### What you are asked to do
Using the material below, repeat exactly the lines from the one with "Región: más de" through the one with "机床工具行业及主要分行业的营业收入情况,详见表1。", ends included, without any images.

### Data supplied
---------------

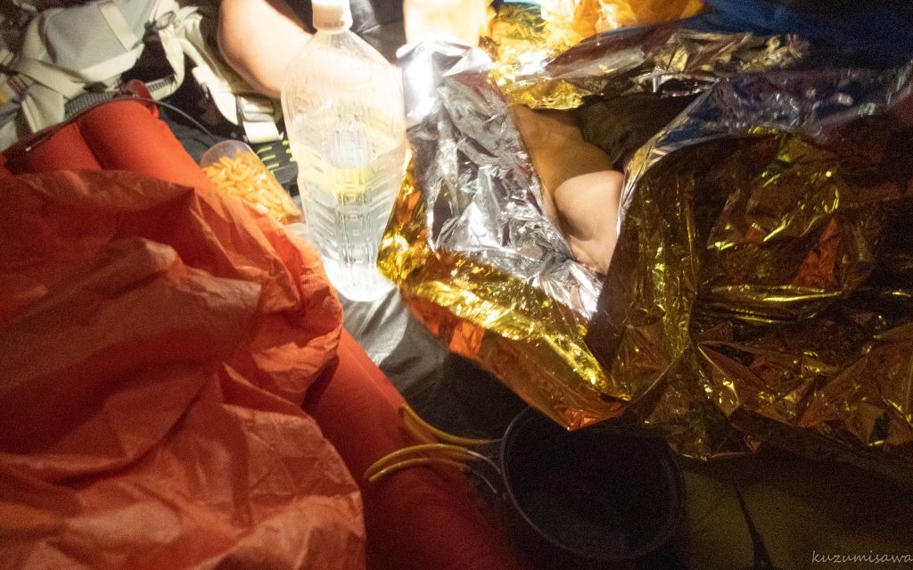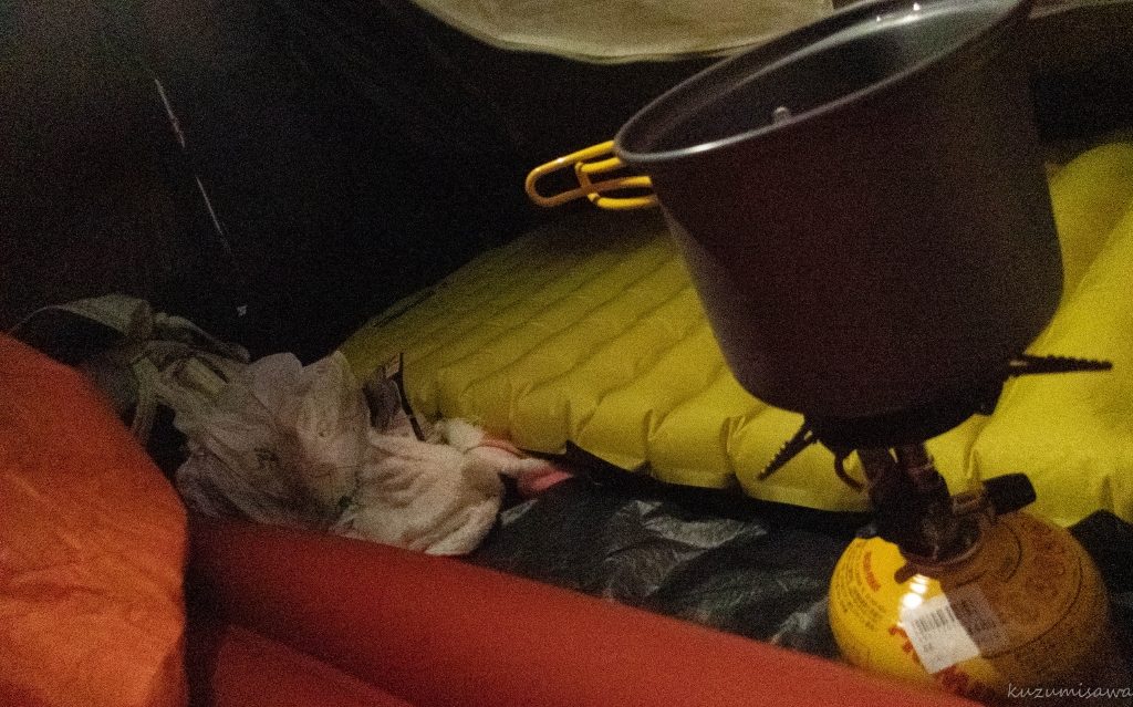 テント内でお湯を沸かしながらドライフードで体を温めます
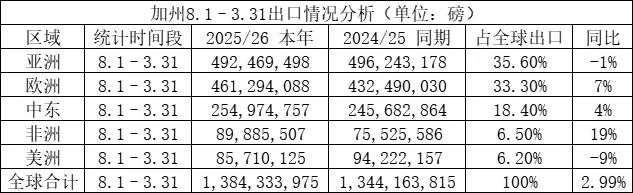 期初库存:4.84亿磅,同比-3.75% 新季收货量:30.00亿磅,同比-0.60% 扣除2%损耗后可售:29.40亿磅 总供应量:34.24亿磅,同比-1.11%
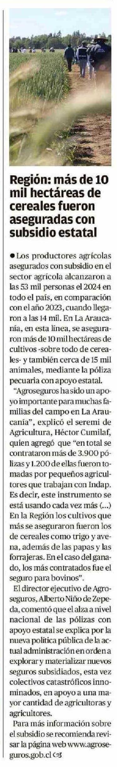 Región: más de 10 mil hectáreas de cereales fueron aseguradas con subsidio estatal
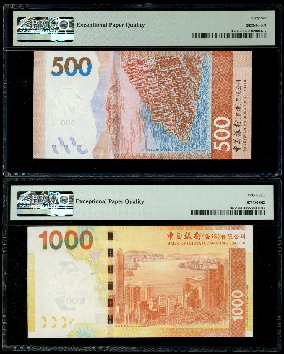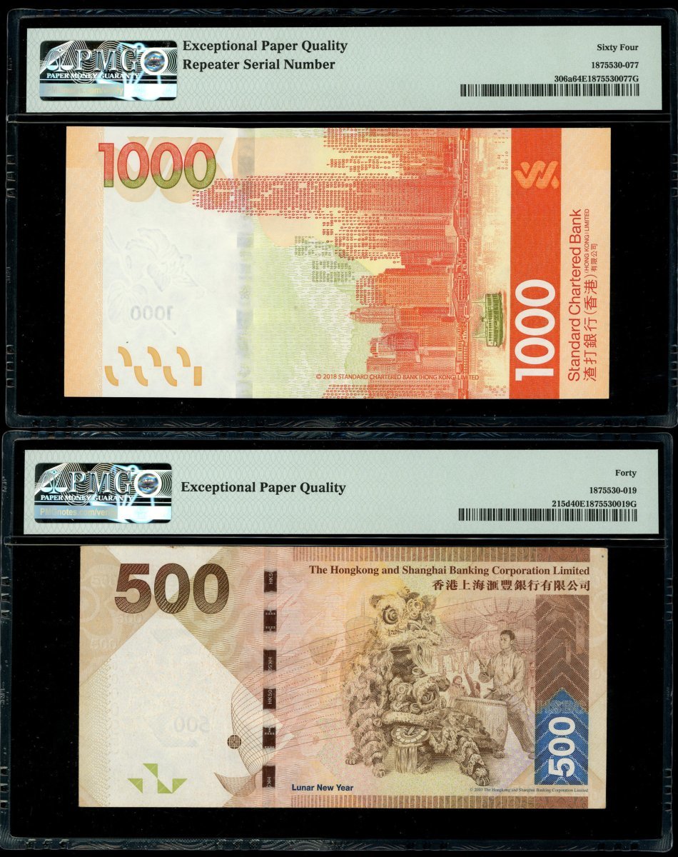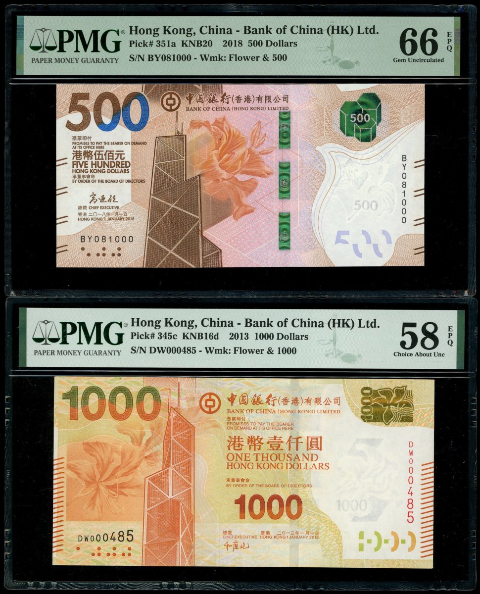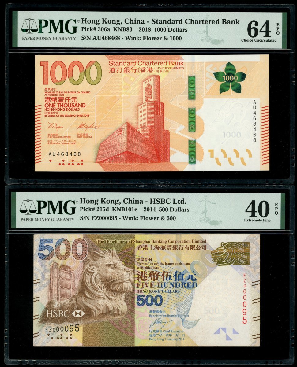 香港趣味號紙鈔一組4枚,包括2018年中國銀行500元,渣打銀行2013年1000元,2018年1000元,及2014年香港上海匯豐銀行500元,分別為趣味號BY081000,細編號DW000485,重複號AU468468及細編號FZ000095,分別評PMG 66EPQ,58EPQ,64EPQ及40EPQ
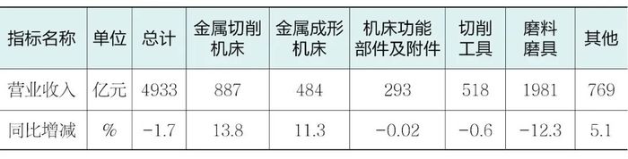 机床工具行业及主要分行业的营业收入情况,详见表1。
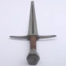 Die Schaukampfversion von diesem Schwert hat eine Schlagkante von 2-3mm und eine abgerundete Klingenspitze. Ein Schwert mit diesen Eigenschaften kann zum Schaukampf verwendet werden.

---------------

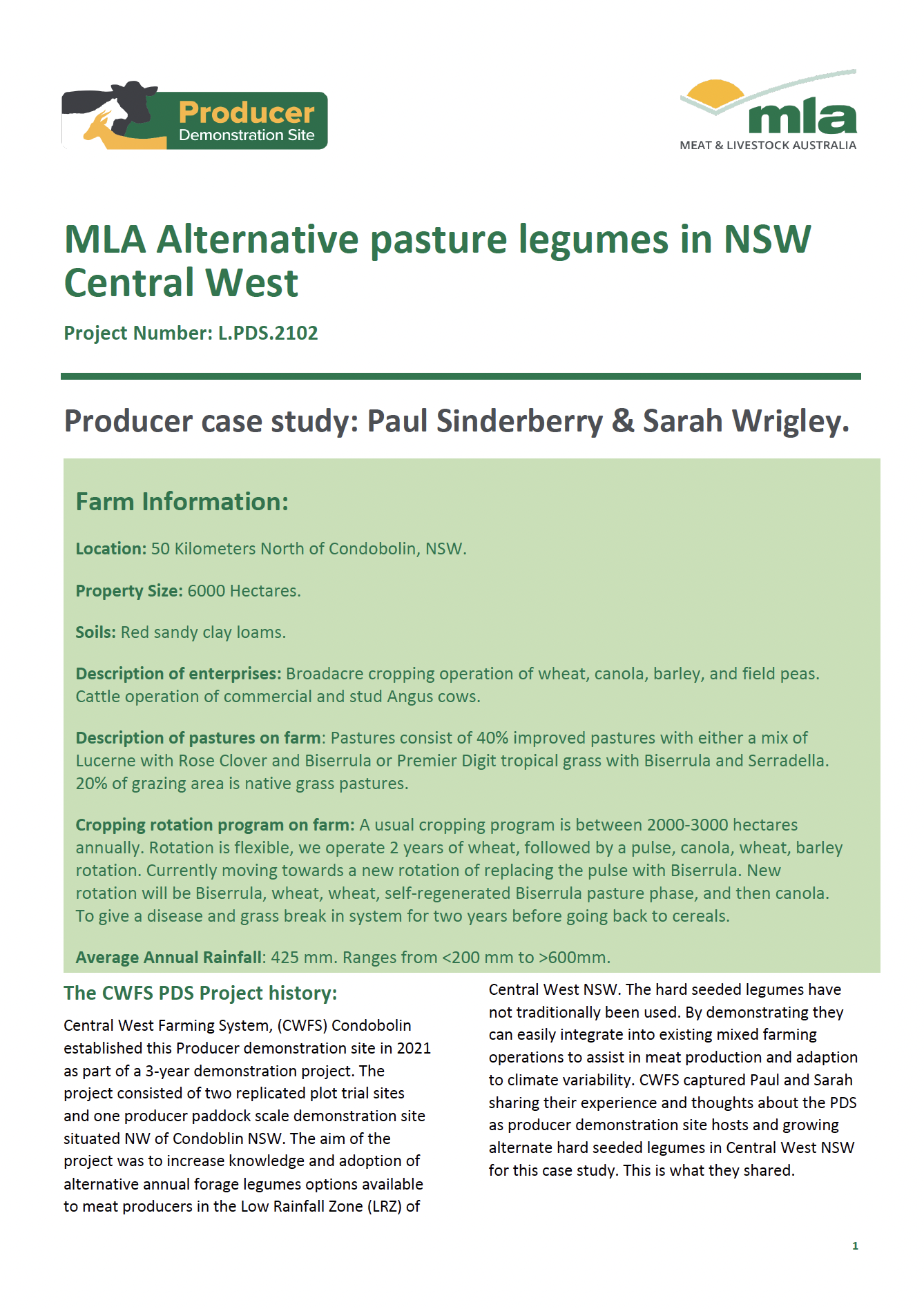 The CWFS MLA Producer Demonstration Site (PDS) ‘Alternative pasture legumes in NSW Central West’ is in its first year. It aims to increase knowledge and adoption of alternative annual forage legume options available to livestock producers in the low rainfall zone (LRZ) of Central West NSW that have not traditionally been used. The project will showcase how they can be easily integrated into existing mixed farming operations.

---------------

### Solution for this problem
 Región: más de 10 mil hectáreas de cereales fueron aseguradas con subsidio estatal
 香港趣味號紙鈔一組4枚,包括2018年中國銀行500元,渣打銀行2013年1000元,2018年1000元,及2014年香港上海匯豐銀行500元,分別為趣味號BY081000,細編號DW000485,重複號AU468468及細編號FZ000095,分別評PMG 66EPQ,58EPQ,64EPQ及40EPQ
 机床工具行业及主要分行业的营业收入情况,详见表1。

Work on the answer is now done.